Farmers were working hard in the fields, preparing the soil and planting seeds for the next season. The sun was bright, and the air smelled of earth and fresh grass. The Indian Premier League (IPL) is the biggest cricket league in the world. People all over the world watch the matches and cheer for their favourite teams.

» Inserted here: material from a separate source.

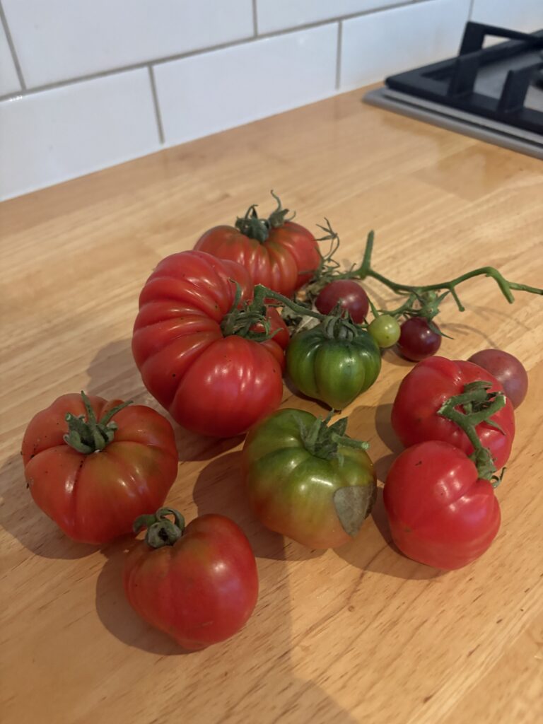 Much of my eating lately has been adorned with home grown tomatoes, which feels nothing short of miraculous seeing as my tomato plants looked like they weren’t inclined to produce anything for most of summer. No complaints from me though, harvesting my own tomatoes right now feels very autumnal and quite delicious.
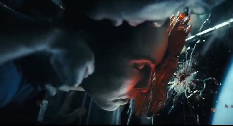 液体无法在太空中流淌,飞溅的鲜血凝成大颗水滴,呈现诡异漂浮姿态。

Terrorism is a big danger to peace and safety. It causes harm to people and creates fear in cities and villages. When such attacks happen, they leave behind pain and sadness. To fight terrorism, we need strong laws, alert security forces, and support from people who care about peace and safety.

```python
from langchain_experimental.text_splitter import SemanticChunker


text_splitter = SemanticChunker(
    OpenAIEmbeddings(), breakpoint_threshold_type="standard_deviation",
    breakpoint_threshold_amount=3
)

```

✅ **In short**:

* **Text Splitters** = break large docs into smaller, model-friendly chunks.


* **Most used** → `RecursiveCharacterTextSplitter` (general) and `TokenTextSplitter` (LLM-token aware).